Set down, word for word, only the lines from the start of the records through the line bearing "通过组合不同幅度的 RJ 和"; include no pictures.

Source records
=== Section Start ===

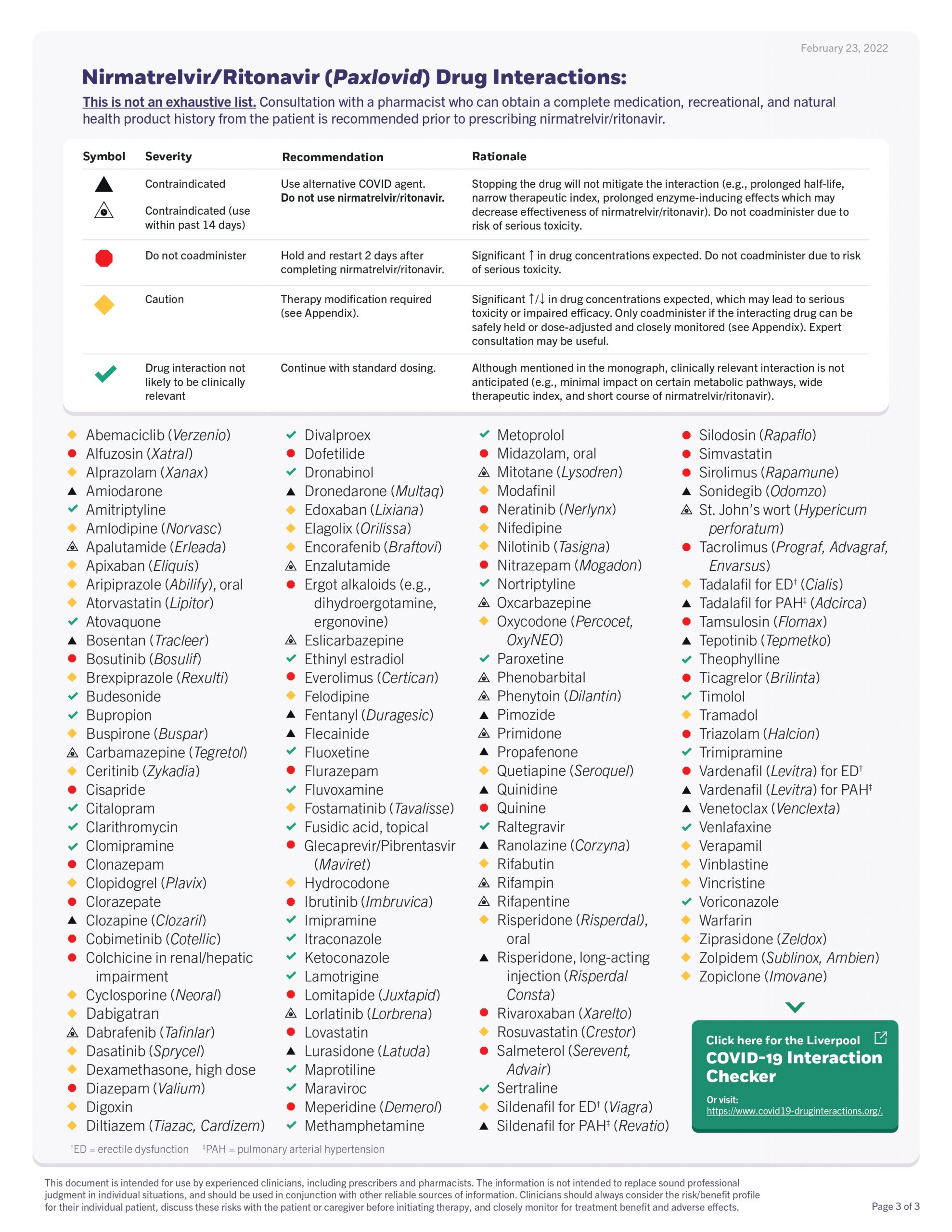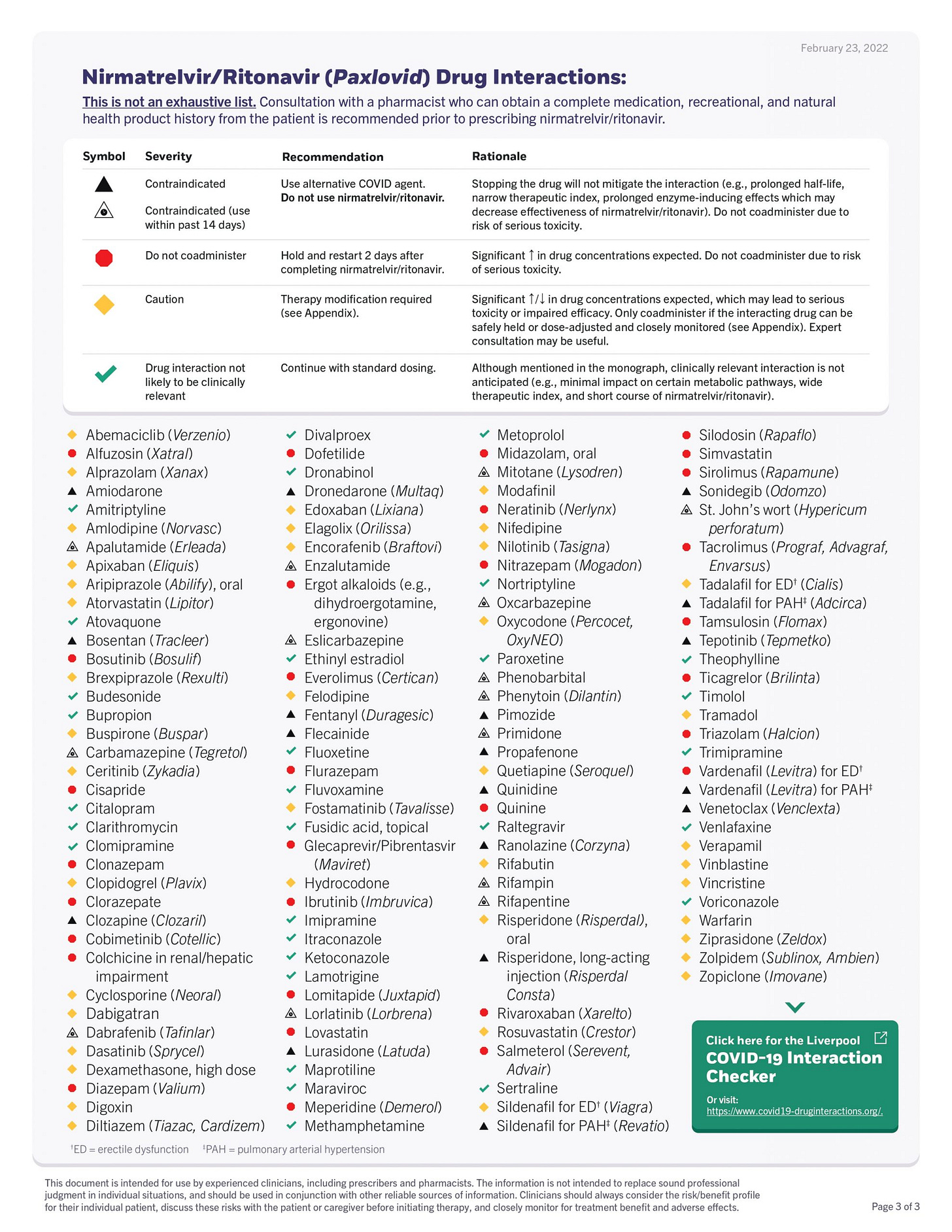 There are many Paxlovid drug-interaction checkers, but the one I find most useful is from the University of Liverpool summarized in the Table below. As you’ll see there are very few concurrent medications that are contraindicated (black triangle). For most, the interactions can be avoided by holding the medication of concern until the 5-day treatment course is completed.
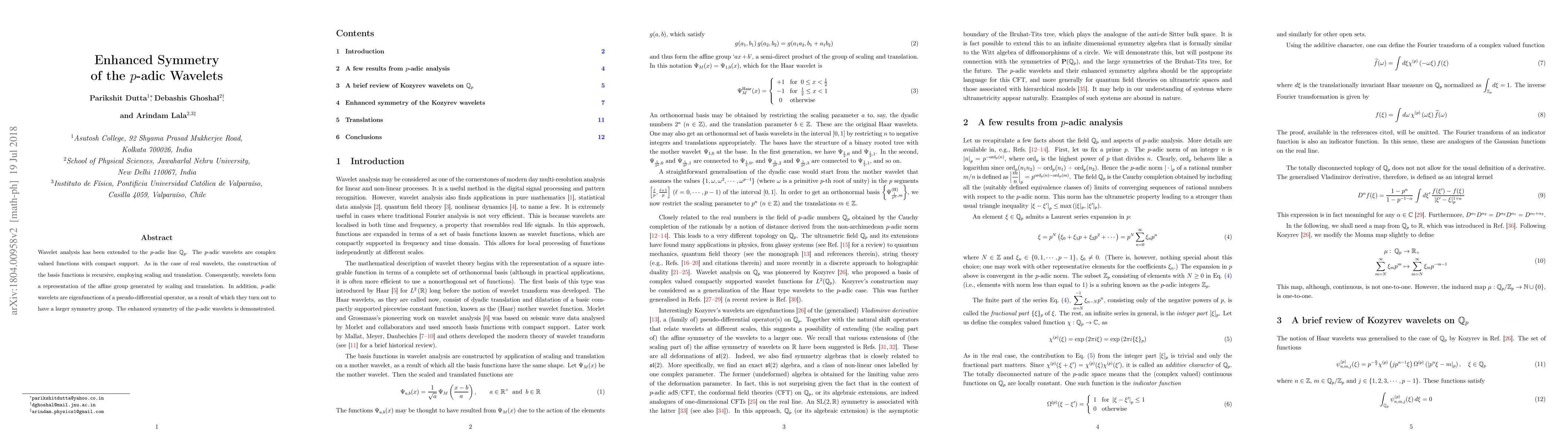 This paper explores the construction and enhanced symmetry of $p$-adic wavelets, which are complex functions with compact support on the $p$-adic line $\mathbb{Q}_p$. These wavelets exhibit a larger symmetry group due to being eigenfunctions of a pseudo-differential operator.
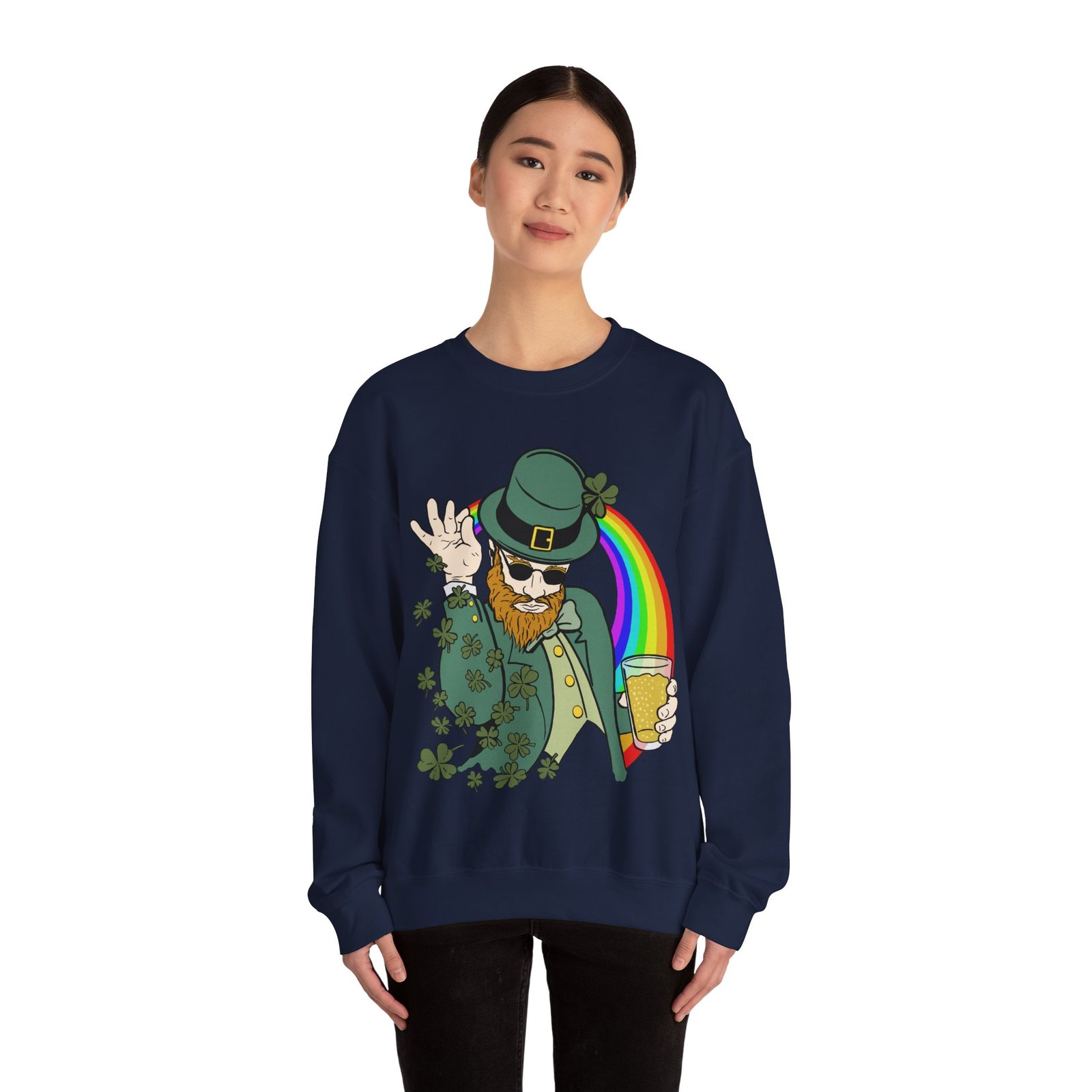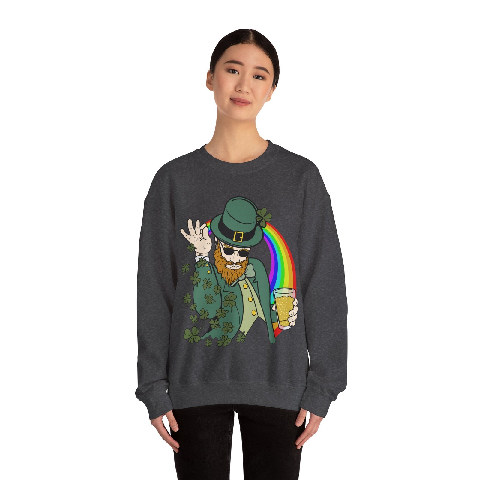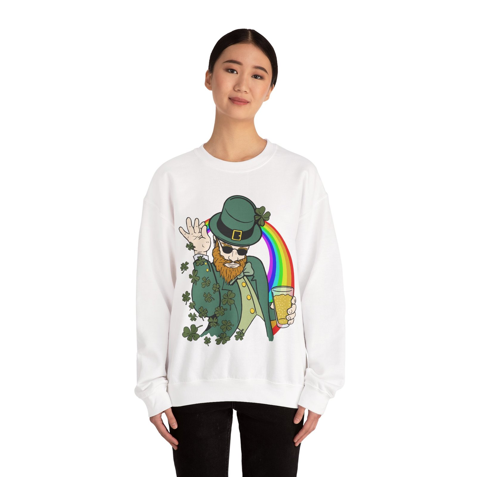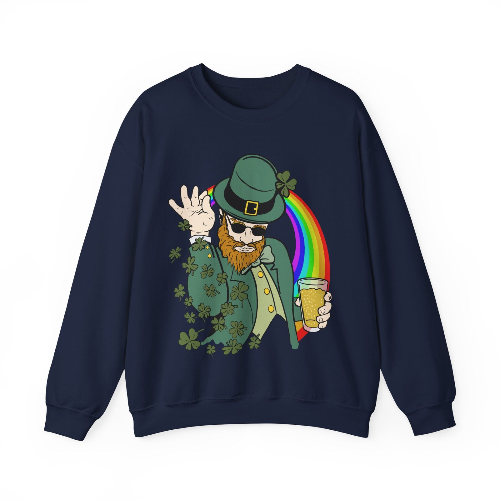 This bold and hilarious crewneck features Shamrock Bae—the iconic, sass-loaded leprechaun mid-sprinkle, shamrocks flying like he’s casting lucky spells (or just showing off).
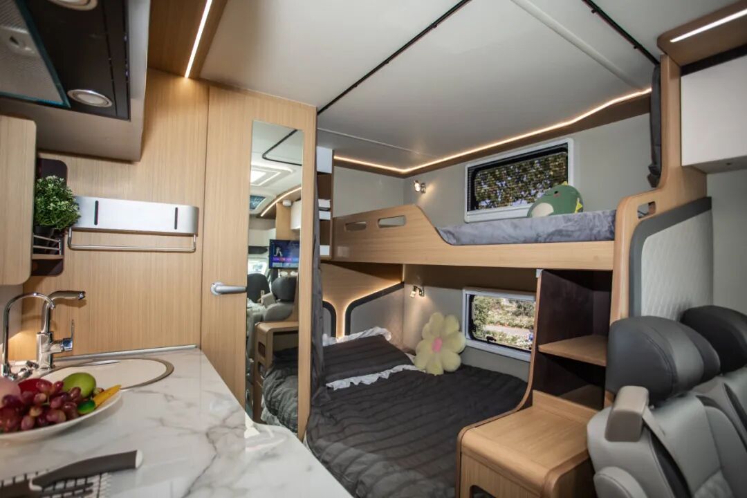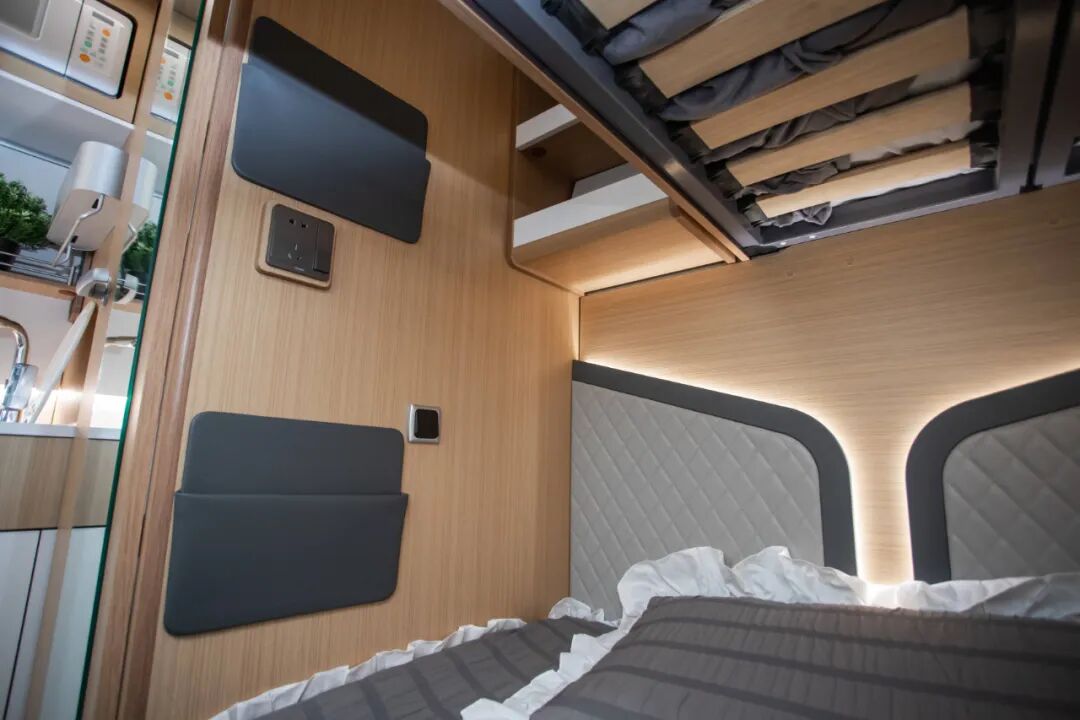 固定休息区在车尾另一侧,纵置上下铺,均配有加厚床垫,保证睡觉的舒适性;上下层都有中空亚克力外推窗,能够保证通风、采光的需求。同时还设有储物柜、床头灯、充电口等便利性设施,为车上生活增加了便捷性。
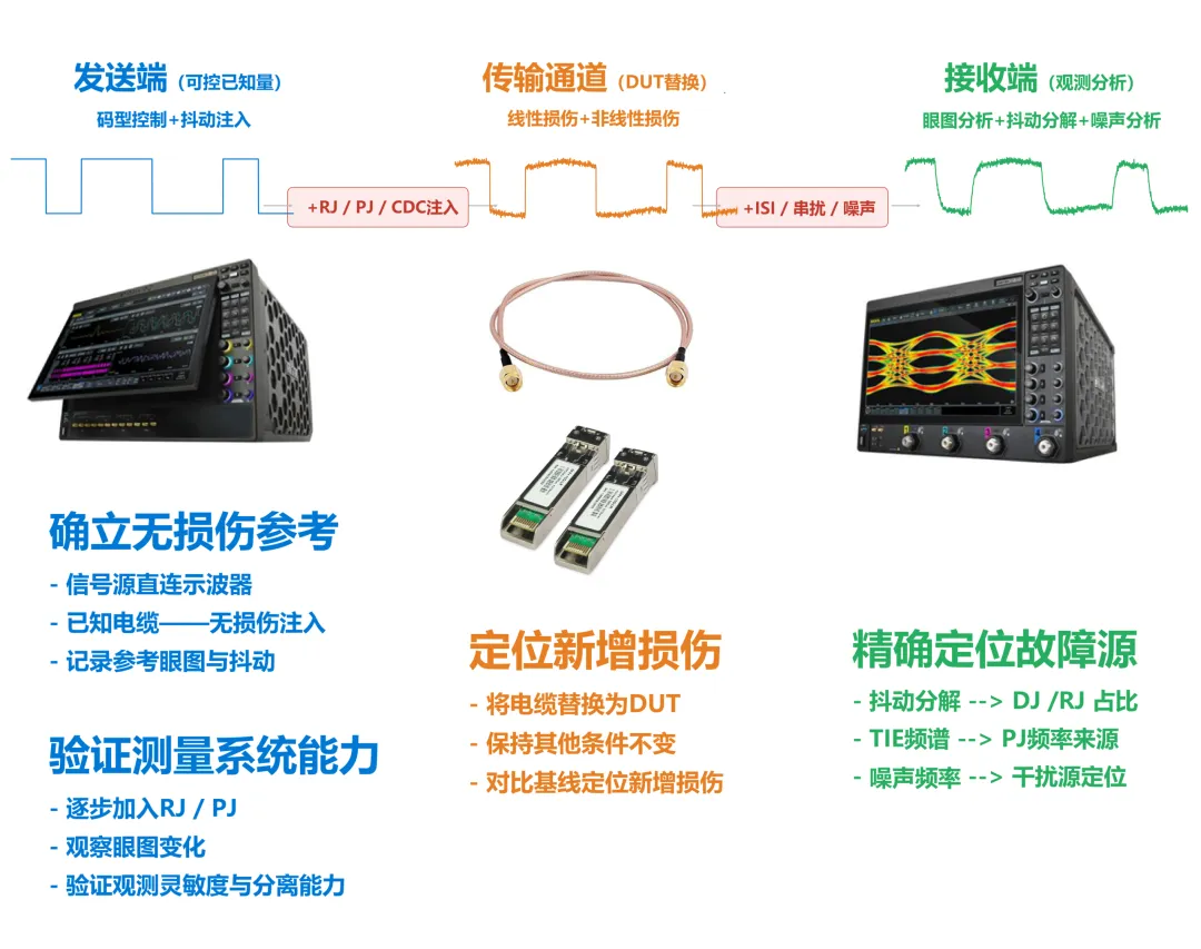 通过组合不同幅度的 RJ 和 PJ,工程师可以构建预定义的“受损信号”,用于:
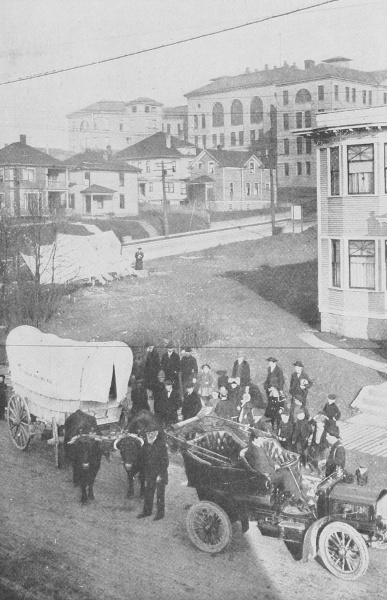 It would appear unseemly for the writer, as a guest, to criticize his host, the Commercial Club, for the manner of his entertainment, particularly considering the cordiality of the invitation. "We hope that you can be here, but if you cannot there will be at least one vacant chair at the banquet table, and it will be held in memory of Ezra Meeker, the pioneer of the Puget Sound country", this following expressions of concern as to my health. So, whatever criticism may follow will be as a friend of a friend and not in a facetious spirit. Let us now consider the banquet, so intimately connected with the subject of the high cost of living, or perhaps in this case might I not better say, "cost of high living", or for what might be more appropriately known as the woeful waste cost of living. Covers were laid for 344 in the large banquet hall, and every seat was occupied. In addition a large number were fed in overflow, improvised dining halls, the participants coming into the main hall to hear the speeches after the feast was over. Seven courses came upon the board, including wine in profusion. Fully one-third of the viands of these seven courses was sent off the table and to the garbage cans, destined to soon reach the incinerator or sewers of the city, and later the deep sea waters of Puget Sound, save one item, the wine, all of which was consumed. As I sat and mused, to me it seemed a pity the wine did not follow the waste into the sea. The tables and hall were profusely decorated with flowers. In one corner of the hall soft strains of sweet music would issue from a band half hidden from view. Alternately with these, in a more central position, gifted singers would entertain the assemblage with appropriate songs.

=== Section End ===

Written reply:
 There are many Paxlovid drug-interaction checkers, but the one I find most useful is from the University of Liverpool summarized in the Table below. As you’ll see there are very few concurrent medications that are contraindicated (black triangle). For most, the interactions can be avoided by holding the medication of concern until the 5-day treatment course is completed.
 This paper explores the construction and enhanced symmetry of $p$-adic wavelets, which are complex functions with compact support on the $p$-adic line $\mathbb{Q}_p$. These wavelets exhibit a larger symmetry group due to being eigenfunctions of a pseudo-differential operator.
 This bold and hilarious crewneck features Shamrock Bae—the iconic, sass-loaded leprechaun mid-sprinkle, shamrocks flying like he’s casting lucky spells (or just showing off).
 固定休息区在车尾另一侧,纵置上下铺,均配有加厚床垫,保证睡觉的舒适性;上下层都有中空亚克力外推窗,能够保证通风、采光的需求。同时还设有储物柜、床头灯、充电口等便利性设施,为车上生活增加了便捷性。
 通过组合不同幅度的 RJ 和 PJ,工程师可以构建预定义的“受损信号”,用于:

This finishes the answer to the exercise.